Ensure that the DataWorks resource group can access the query port, FE port, and BE port of your StarRocks instance. The default ports are 9030, 8030, and 8040.

Add a data source

Before you develop a synchronization task in DataWorks, you must add the required data source to DataWorks by following the instructions in Data source management. You can view parameter descriptions in the DataWorks console to understand the meanings of the parameters when you add a data source.

Select a connection mode for StarRocks based on your network environment:

Use case 1: Internal network connection (recommended)

An internal network connection provides low latency and high security without requiring public network access.

  • Use case: Your StarRocks instance and the Serverless resource group are in the same VPC.
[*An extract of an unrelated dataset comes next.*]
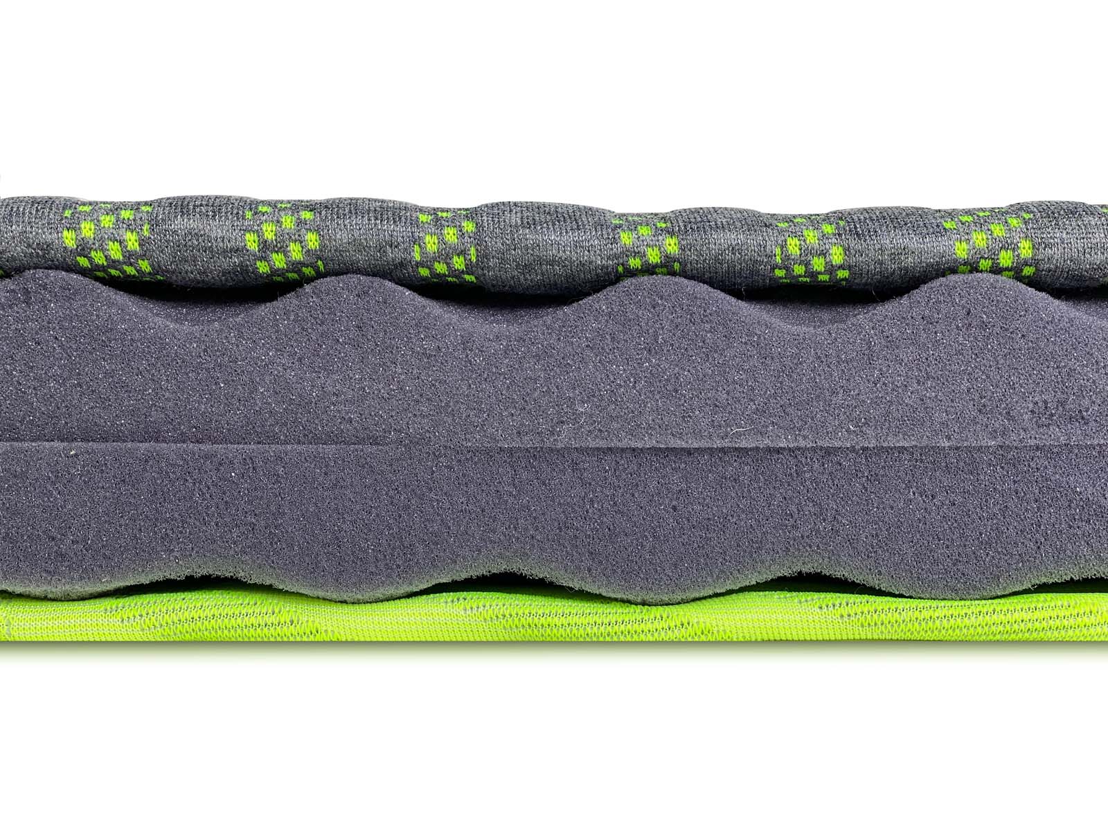 Слои как пазл собираются вместе - поэтому в матрасе не используется клей.  При желании их можно переворачивать, разъединить, развернуть контурной стороной наверх либо вниз, получая разные эффекты адаптации и жесткости поверхности.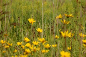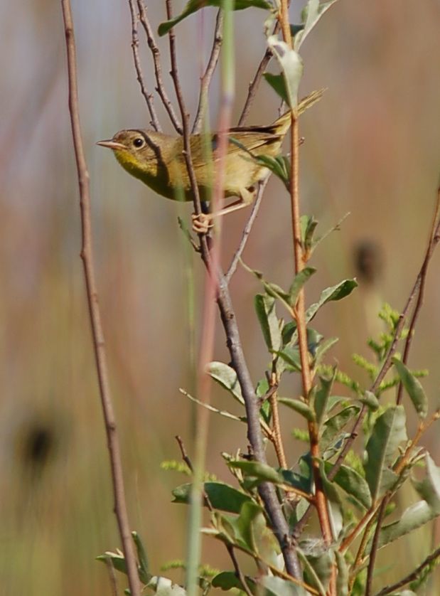 As I walked through the prairie I heard a familiar bird call. It’s a call that I hear on my weekday walks. I didn’t have my binoculars so I couldn’t be sure of what it was. I watched it closely as it darted in and out of the brush. And, then finally it flew out into the open. I quickly snapped her picture. In an instant she was gone. After reviewing the photo I’m pretty sure it was a female Geothlypis trichas (Common Yellowthroat). Her call note is a quick “chep”. I never heard the more common song of “witchety, witchety, witchety”. But, I’m almost certain it is the Yellowthroat.

  • Both Alibaba Cloud instance mode and Connection string mode are supported:

    • Select ApsaraDB for RDS: Directly select a StarRocks instance in the same VPC. The system automatically obtains the connection information.
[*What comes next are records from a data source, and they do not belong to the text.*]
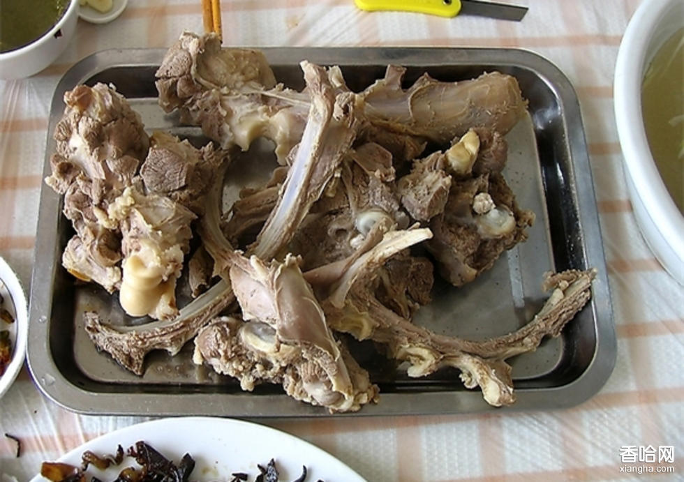 顧名思義就是手抓羊肉。把帶骨的羊肉按骨節(jié)拆開,放在大鍋里不加鹽和其它調(diào)料,用原汁煮熟。吃時一手抓羊骨,一手拿蒙古刀剔著吃??腿瞬灰约簞邮蛛S意選食,主人會視客人的年齡,選擇不同部位的羊肉。
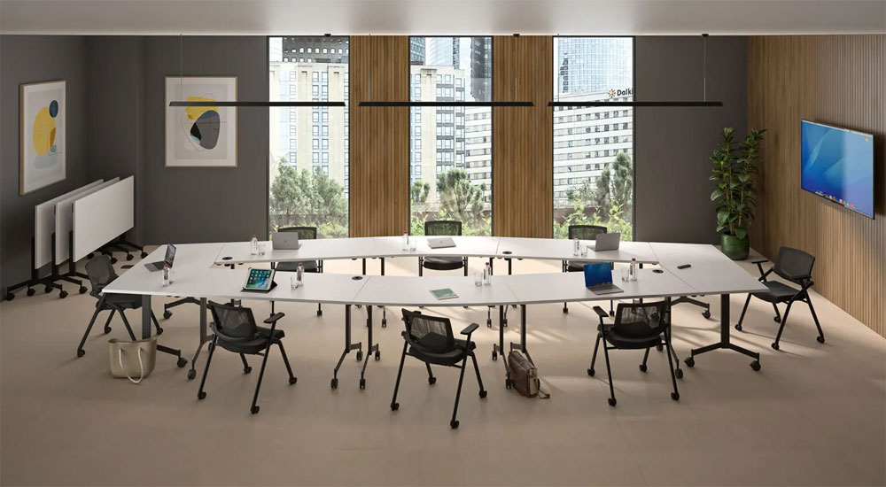 Le rangement des tables par imbrication des piétements permet de réduire l’encombrement des tables stockées : + 19,5 cm par table supplémentaire en profondeur en plus de l’encombrement de la 1ère table pliée (P 60 / P 70 cm).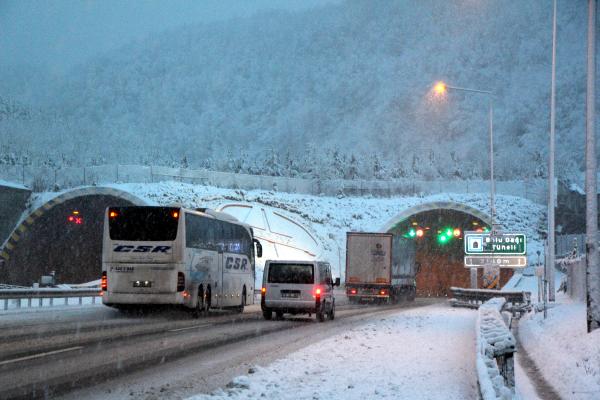 TEM ve D-100 yolunun Bolu Dağı geçişinde, sabaha karşı başlayan kar yağışı, sabahın ilk saatlerinde etkisini artırarak, devam etti.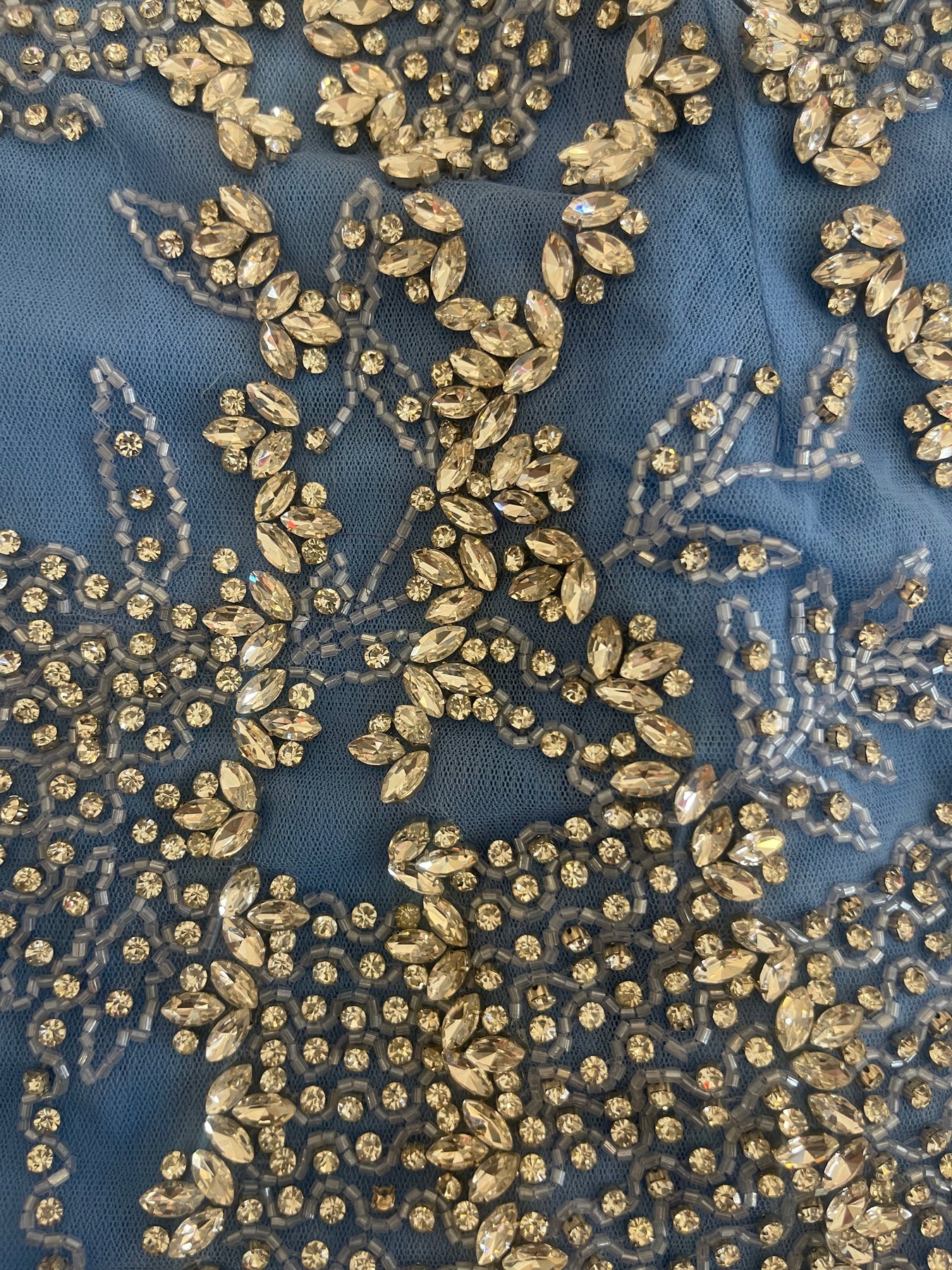 Beaded Silver Belt: At the waist, a beaded silver belt cinches to accentuate the silhouette. This feature not only highlights the wearer's shape but also serves as a sparkling transition that brings balance to the gown's elaborate beadwork. It's a thoughtful detail that amplifies the gown's opulence while maintaining a seamless design.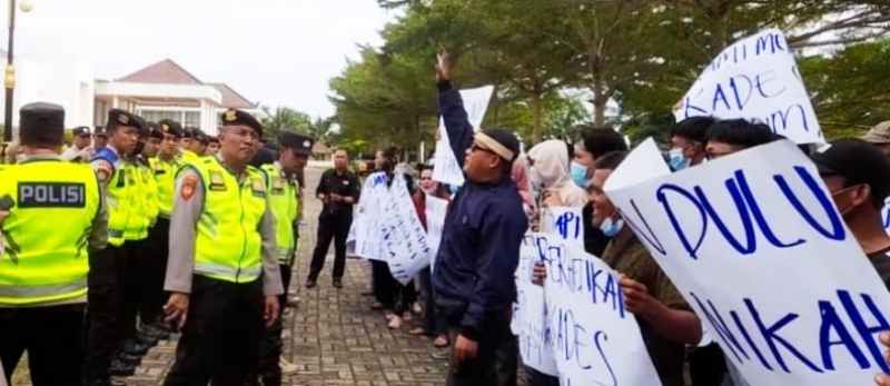 “Tadi tuntutannya ada beberapa hal yang kaki pila menjadi dua yang pertama masalah etika, pola yang dilakukan pemerintahan yang dilakukan oleh kepala desa kemudian yang kedua masalah hukum terkait pungli dan sebagainya,” kata dia.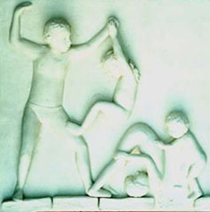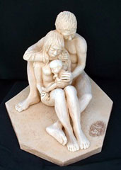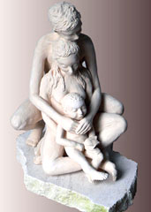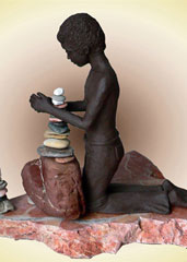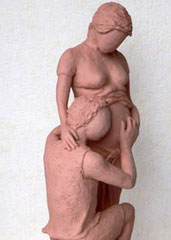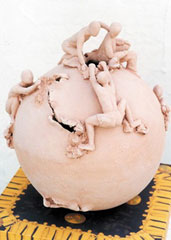 Ton gebrannt, mit Steinpyramide, Sockel Natursteinplatte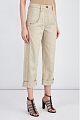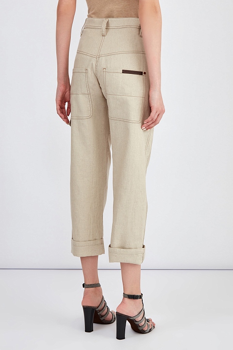 Брюки из льна и хлопка в стиле карго с отворотами и объемными швами

    • Select User-created Data Store with Public IP Addresses: Manually enter the internal address or IP address, port, and Load URL of the instance.

Use case 2: Public network connection

Data transfer over the public network has security risks. Use security controls such as IP allowlists and IP-based authentication.
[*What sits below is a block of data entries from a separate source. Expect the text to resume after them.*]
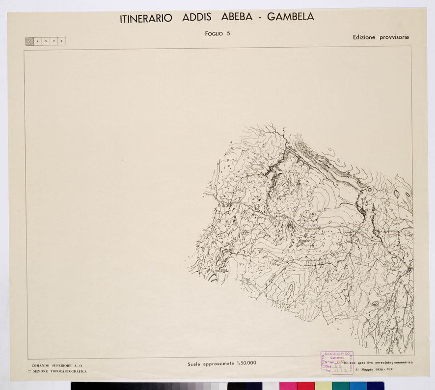"Rappresentazione orografica dimostrativa rilievo speditivo aereofotogrammetrico. Comando Superiore A.O. 7^ Sezione Topocartografica."
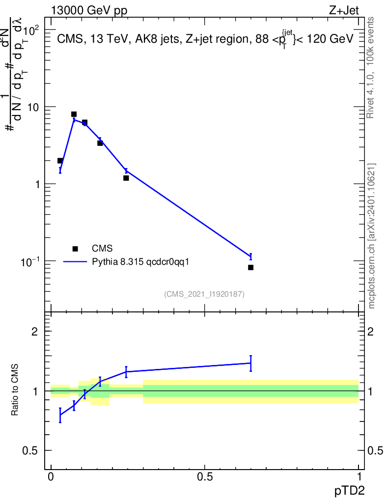 Lines: data, pythia8 8.315 qcdcr0qq1 |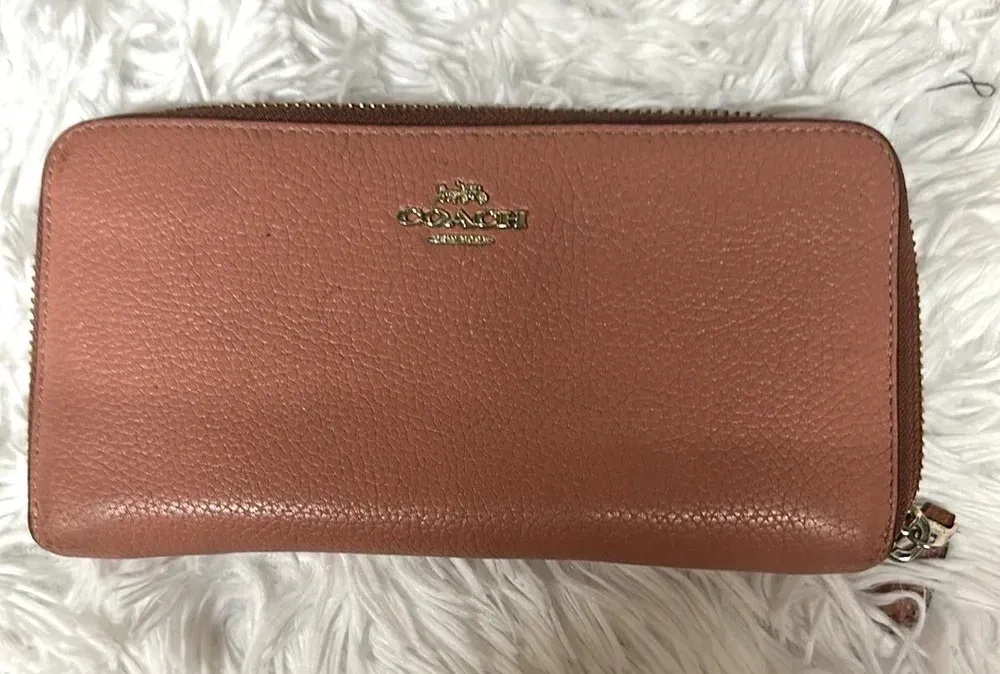 Vintage Pale Pink Zipper Wallet has some peeling inside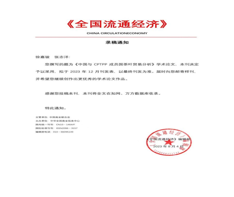 在科研方面,他积极参与2023年湖北省老员工创新创业训练计划。主持了一项省级项目,利用暑期,他深入产地、消费者等调查对象,真正了解茶叶国内外流通现状,定价方式,品类质量等信息,通过问卷收集与数据分析,以问题导向切入,研究分析中国茶叶与CPTPP成员国贸易互补性与优势。最终产出名为《中国与CPTPP成员国茶叶贸易分析》(第一作者)论文,发表在国家级期刊,被知网收录。他并没有因此止步,他认为,有结果产出,能发表,是对自己的认可,但绝对不是骄傲的理由,接下来的学习生涯,他依旧充满对于学术的满腔热情,在拓宽知识面的同时,不断加强自己的学术能力,以此产出更多科研结果。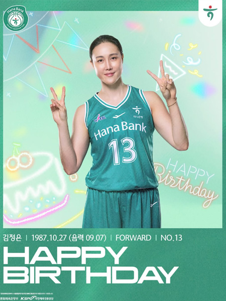 #하나은행 HAPPY BIRTHDAY! 작성일: 2025-10-27 조회: 145 페이스북 공유 트위터 공유 카카오스토리 공유 HAPPY BIRTHDAY!오늘은 김정은 선수의 생일입니다!생일을 함께 축하해 주세요#하나은행여자농구단 #하나은행 #하나금융그룹 #농구 #여자농구 #여농 #WKBL #HappyBirthday [자세히보기]
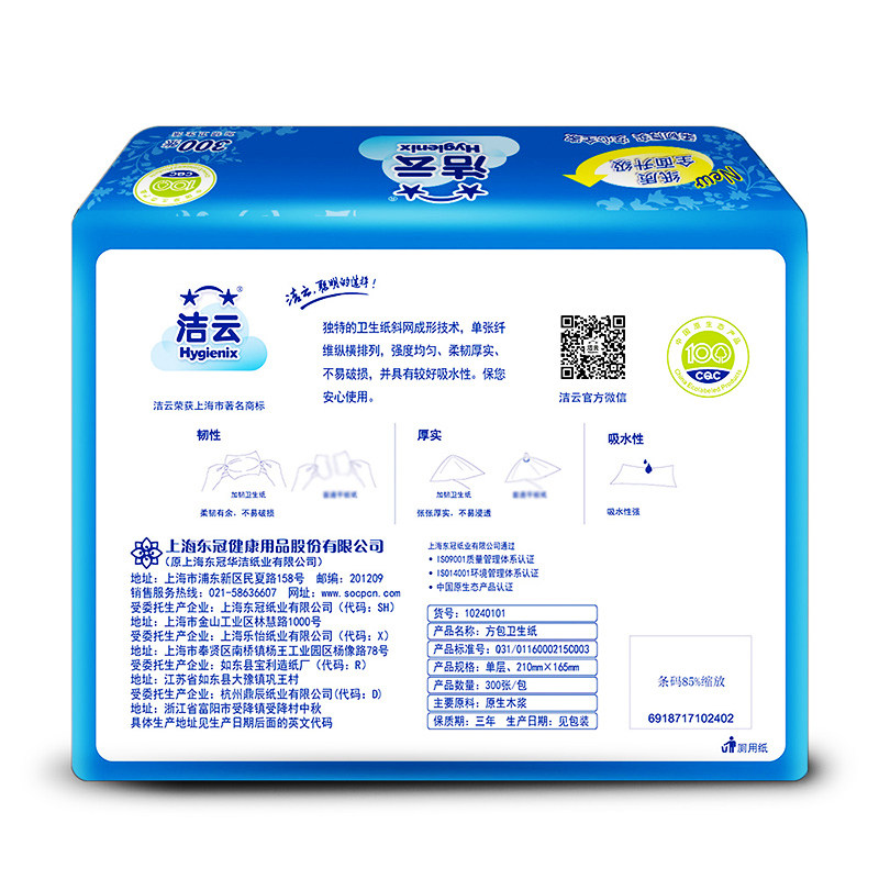 Clean cloud flat toilet paper toilet paper 300 sheets of ligaments embossed straw paper Home Family affordable whole box 42 packs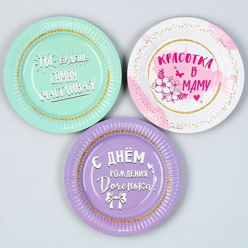 Тарелка бумажная "С днём рождения, доченька", 18 см, в наборе 6 шт.

  • Use case: You need to access the StarRocks instance over the public network, for example, for cross-region access or from an on-premises environment.

  • Only Connection string mode is supported. Ensure that public network access is enabled for your StarRocks instance:

    • Select User-created Data Store with Public IP Addresses: Manually enter the public address or IP address, port, and Load URL of the instance.

Note

By default, Serverless resource groups cannot access the public network. To connect to a StarRocks instance by using a public endpoint, you must configure a NAT Gateway and an Elastic IP address (EIP) for the bound VPC to enable public network access. You must also ensure that the Serverless resource group can access the query port, FE port, and BE port of your StarRocks instance. The default ports are 9030, 8030, and 8040.

If you are using Alibaba Cloud EMR StarRocks Serverless, set Host Address/IP Address to Internal Endpoint or Public network address, and the port to a query port.

  • FE: You can obtain the FE information on the instance details page.

    image.png

  • Database: After connecting to the instance by using EMR StarRocks Manager, you can view the corresponding databases in the SQL Editor or Metadata Management.

    image.png

    Note

    To create a database, run SQL commands directly in the SQL editor.

Data synchronization task development

For information about the entry point for and the procedure of configuring a synchronization task, see the following configuration guides.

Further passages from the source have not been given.